Chattanooga, Tennessee – January 12, 2012 – CapitalMark Bank & Trust announces successful initial deployment of capital received through the Small Business Lending Fund (SBLF) with a 15% increase in lending as stated in a recent release by the Treasury. CapitalMark received a total of $18.2 million to lend to businesses with revenues up to $50 million. The SBLF, a component of the Small Business Jobs Act, was established to encourage banks with assets under $10 billion to increase lending to small businesses, thus stimulating new jobs and boosting economic growth. Only 41% of banks that applied to participate were approved with criteria based upon strength, stability and performance.

Chattanooga President Kenny Dyer states, “We were pleased to participate and were confident that we could put the funds to work, lending to businesses with solid plans and continuing to grow our bank. Our participation will benefit both clients and shareholders. Further, we know that the community benefits when small businesses succeed in obtaining capital to invest, expand and hire.”

CapitalMark is one of 281 banks nationwide that qualified for SBLF funding totaling approximately $4 billion. CapitalMark reported assets of $580 million in the 3rd quarter 2011, representing a 33% increase year-over-year. CapitalMark consistently out-performs its peers in metrics analyzing profitability, performance and stability.
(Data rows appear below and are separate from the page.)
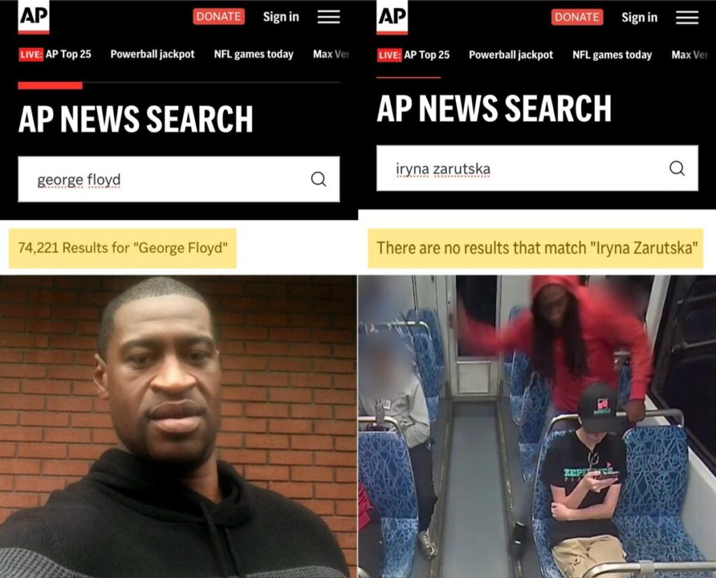 74.221 AP cikk George Floydról 0 AP cikk Iryna Zarutska-ról:
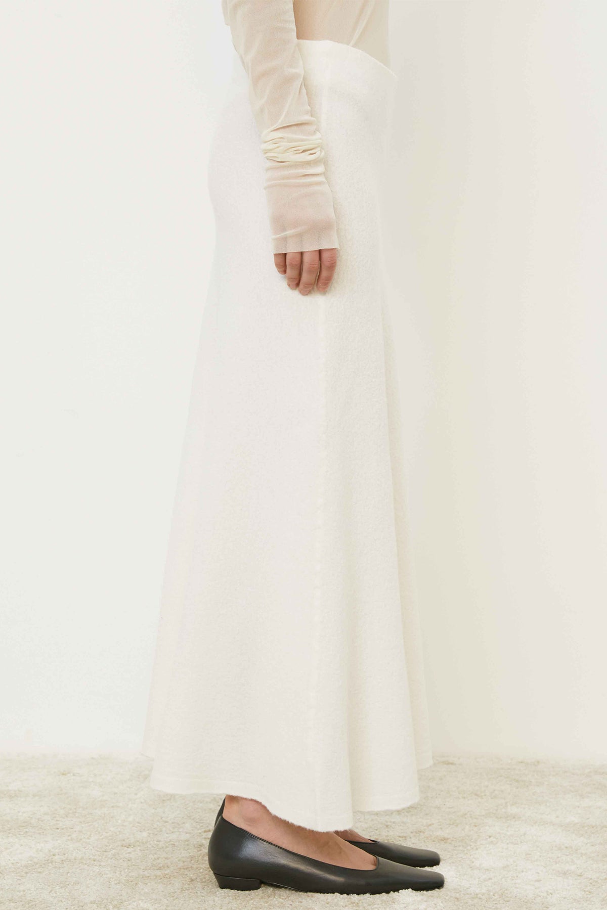 Style with ribbed knits and square-toe flats for boutique polish, or pair with sculptural tops for gallery-ready refinement. The skirt’s crisp tone and understated shape make it a dependable choice for minimalist dressing.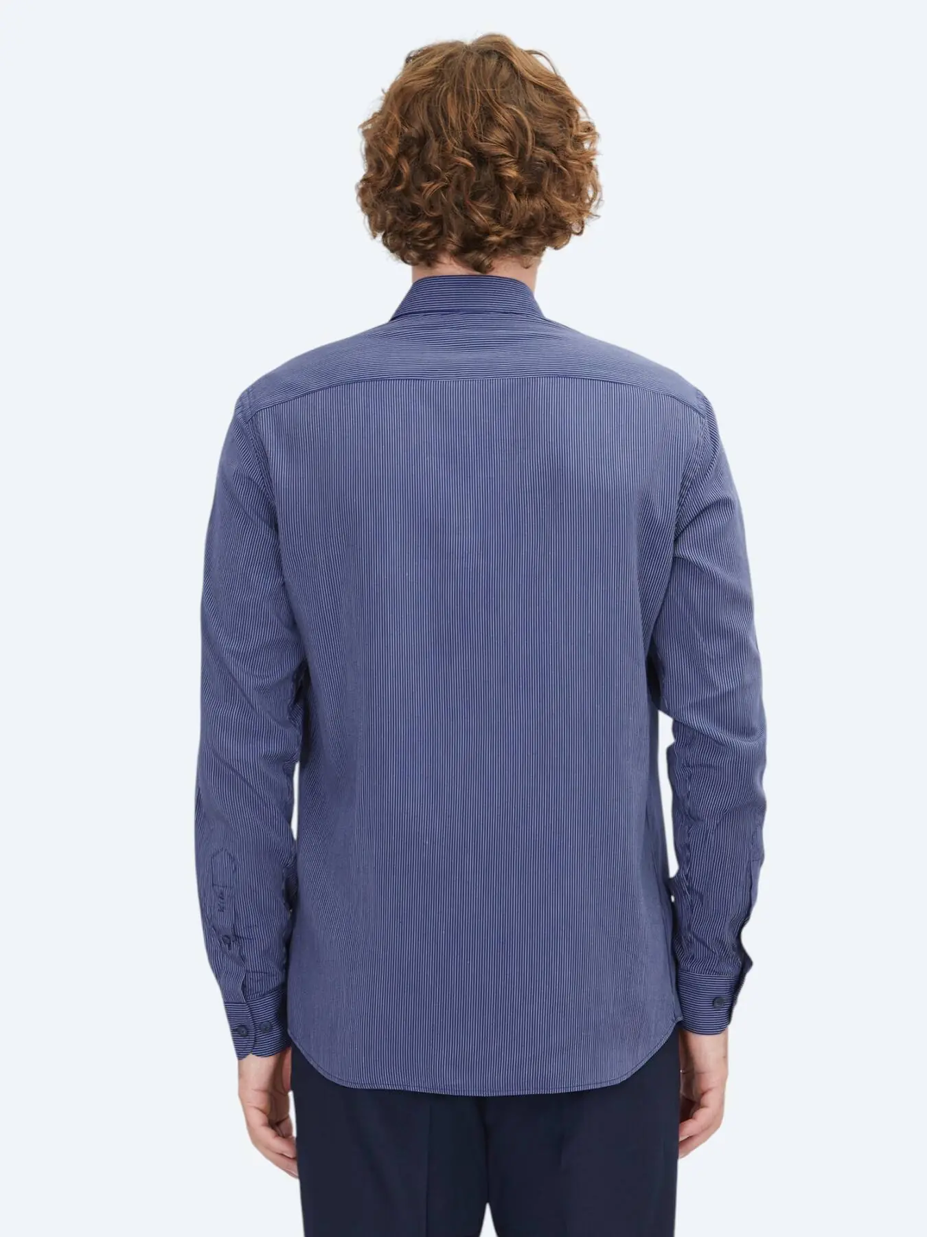 Lacivert Çizgili Regular Fit Dokuma Casual Gömlek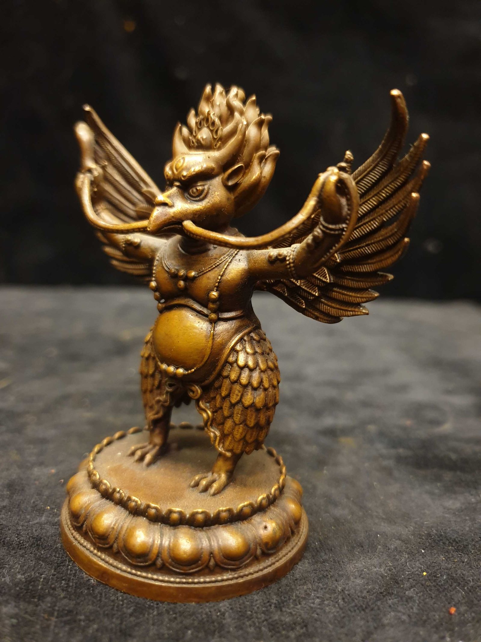 Buddhist Miniature Statue of Garuda, Chocolate Oxidized , Divine Eagle, Protector and Enemy of Evil Forces

About CapitalMark Bank & Trust:

CapitalMark Bank & Trust offers a wide range of banking and trust services to businesses and individuals. Founded March 5, 2007, CapitalMark has locations in Chattanooga and Knoxville and received regulatory approval to open offices in Oak Ridge and Cleveland, TN. Additional information about CapitalMark and its full line of products and services can be found at


Statements made in this press release, other than those concerning historical information, should be considered forward-looking and subject to various risks and uncertainties. Such forward-looking statements are made based upon management’s belief as well as assumptions made by, and information currently available to, management pursuant to “safe harbor” provisions of the Private Securities Litigation Reform Act of 1995. Our actual results may differ materially from the results anticipated in forward-looking statements due to a variety of factors, including governmental monetary and fiscal policies, deposit levels, loan demand, loan collateral values, securities portfolio values, interest rate risk management, the effects of competition in the banking business from other commercial banks, thrifts, mortgage banking firms, consumer finance companies, credit unions, securities brokerage firms, insurance companies, money market funds and other financial institutions operating in our market area and elsewhere, including institutions operating through the Internet, changes in governmental regulation relating to the banking industry, including regulations relating to branching and acquisitions, failure of assumptions underlying the establishment of reserves for loan losses, including the value of collateral underlying delinquent loans, and other factors. We caution that such factors are not exclusive. We do not undertake to update any forward-looking statement that may be made from time to time by, or on behalf of, us.